WHAT YOU ARE ASKED TO DO: Beneath this sentence is a listing. Return its lines from the one containing "Mughal Empire, Akbar, square" through the last, exactly, and omit the pictures.

EXERCISE DATA:
□ □ □

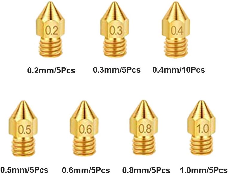 40 Pcs IRCHLYN 0.2mm 0.3mm 0.4mm 0.5mm 0.6mm 0.8mm 1.0mm 3D Printer Nozzles
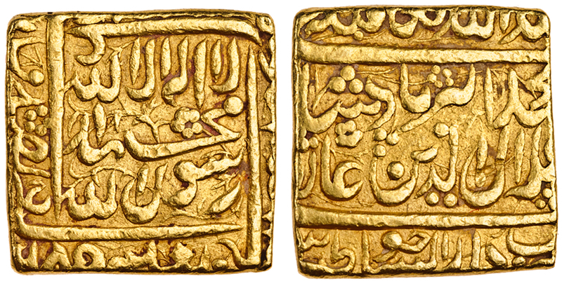 Mughal Empire, Akbar, square AV Mohur, 10.63g, Jaunpur, AH985, Kalima within square (cf. KM. 112), very fine
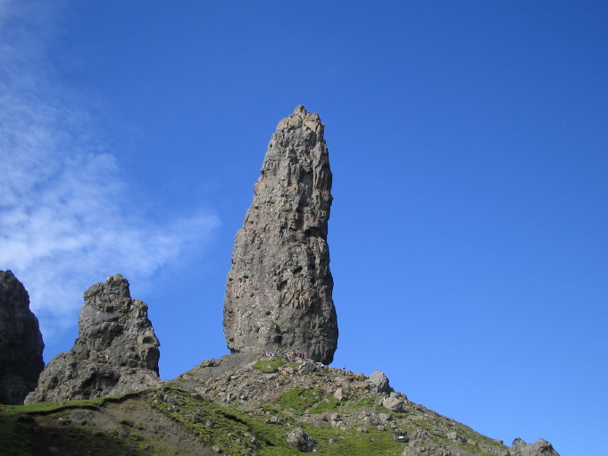 チェックイン後、14:30に島の東の海岸線沿いのA855を北に向かって走る道に出発。15:15にThe Old Man of Storrに到着。老人の顔の形をした高さ719mの岩の尖塔で、この岩のふもとまで延びるフットパスを歩く。途中で、朝食のときに話していた夫妻に偶然で出会う。16:15に頂上に到着。スカイ島の東海岸が見渡せ、いい眺めだ。16:23に下り始めて、16:56に到着。下りは速い。

□ □ □

FINISHED EXERCISE:
 Mughal Empire, Akbar, square AV Mohur, 10.63g, Jaunpur, AH985, Kalima within square (cf. KM. 112), very fine
 チェックイン後、14:30に島の東の海岸線沿いのA855を北に向かって走る道に出発。15:15にThe Old Man of Storrに到着。老人の顔の形をした高さ719mの岩の尖塔で、この岩のふもとまで延びるフットパスを歩く。途中で、朝食のときに話していた夫妻に偶然で出会う。16:15に頂上に到着。スカイ島の東海岸が見渡せ、いい眺めだ。16:23に下り始めて、16:56に到着。下りは速い。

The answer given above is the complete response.